- Bonnie Langford as Mel, in a promotional still from Terror of the Vervoids (1986)
- First appearance: The Trial of a Time Lord: Terror of the Vervoids (1986)
- Last appearance: The Reality War (2025)
- Portrayed by: Bonnie Langford
- Duration: 1986–1987, 1993, 2022–2025

In-universe information
- Full name: Melanie Bush
- Nickname: Mel
- Species: Human
- Occupation: Computer programmer
- Affiliation: Sixth Doctor; Seventh Doctor; Fourteenth Doctor; Fifteenth Doctor; UNIT;
- Origin: Pease Pottage, West Sussex, England
- Home: Earth

= Mel Bush =

Fictional character from Doctor Who

Melanie "Mel" Bush is a fictional character played by Bonnie Langford in the long-running British science fiction television series Doctor Who. Mel is a computer programmer from the 20th century who is a companion of the Sixth and Seventh Doctors, first appearing on-screen when the Sixth Doctor showed an adventure with her to the Time Lords in order to prove that he would become a better person in the future. Following this, she is shown accompanying the Doctor as a companion, with no further explanation given as to how she met the Doctor.

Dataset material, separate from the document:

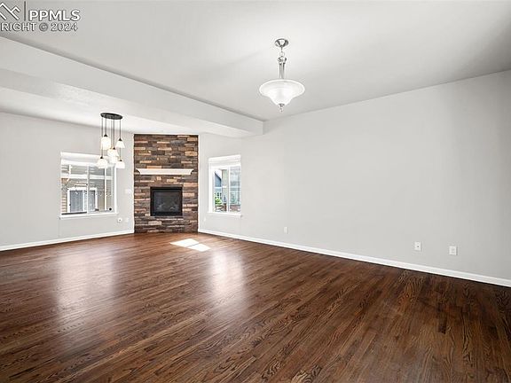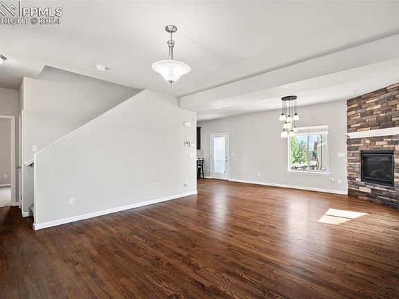 Welcome to this unique 5-bedroom, 3.5-bathroom home with a bonus room, perfectly situated in the sought-after Banning Lewis Ranch community. Just steps away from Climber's Park and close to top-rated schools, shopping, dining, and other amenities, enjoy the community's numerous parks, trails, and recreational facilities. Featuring breathtaking views of Pike's Peak, this home offers an exceptional blend of comfort, style, and convenience. Abundant natural light flows through the well maintained, one owner home, enhancing its warm and inviting atmosphere. The main level features real hardwood floors, a convenient main floor bedroom, and a half bath with an extra storage closet. The dining room, complete with a cozy gas fireplace, seamlessly connects to the kitchen creating a wonderful mealtime experience. The well appointed kitchen includes a breakfast bar, an upgraded single basin undermounted sink, corner pantry, and a gas range/oven. Walk out to the Xeriscaped backyard through the kitchen for easy grilling and outdoor living. The upper level primary suite offers magnificent Pike's Peak views, dual closets, spa-like walk in shower, linen storage, and dual vanities creating a serene and relaxing sanctuary. The top floor is rounded out with two additional bedrooms, a versatile bonus room that can be used as an office, playroom, exercise room, crafting area or whatever your heart desires. Another bathroom, laundry room, and a generous landing at the top of the stairs adds to the spacious feel of this level. The finished basement provides a retreat with a spacious bedroom, a full bathroom, a family room, and an under-the-stairs storage area currently used as a children's reading nook. This home is a true gem, offering a blend of elegance and practicality in a prime location. Don’t miss the chance to make it yours and discover the lifestyle that awaits you in Banning Lewis Ranch. (Home has been pre-inspected.)

Despite initial plans for the character's meeting with the Sixth Doctor to be depicted on-screen, the firing of Sixth Doctor actor Colin Baker at the end of 1986 made this unable to happen. Due to changes in script production, Mel's character was altered to adapt to whatever script she was in, resulting in a lack of a character arc. Langford departed the role of Mel in 1987's Dragonfire; following this, Langford reprised the role of Mel in several audio drama productions produced by Big Finish Productions and made a cameo appearance in the 2022 serial "The Power of the Doctor." Mel went on to appear in a recurring role in following episodes of the series, where the character's backstory and personality were fleshed out in these episodes in greater depth than in her prior appearances.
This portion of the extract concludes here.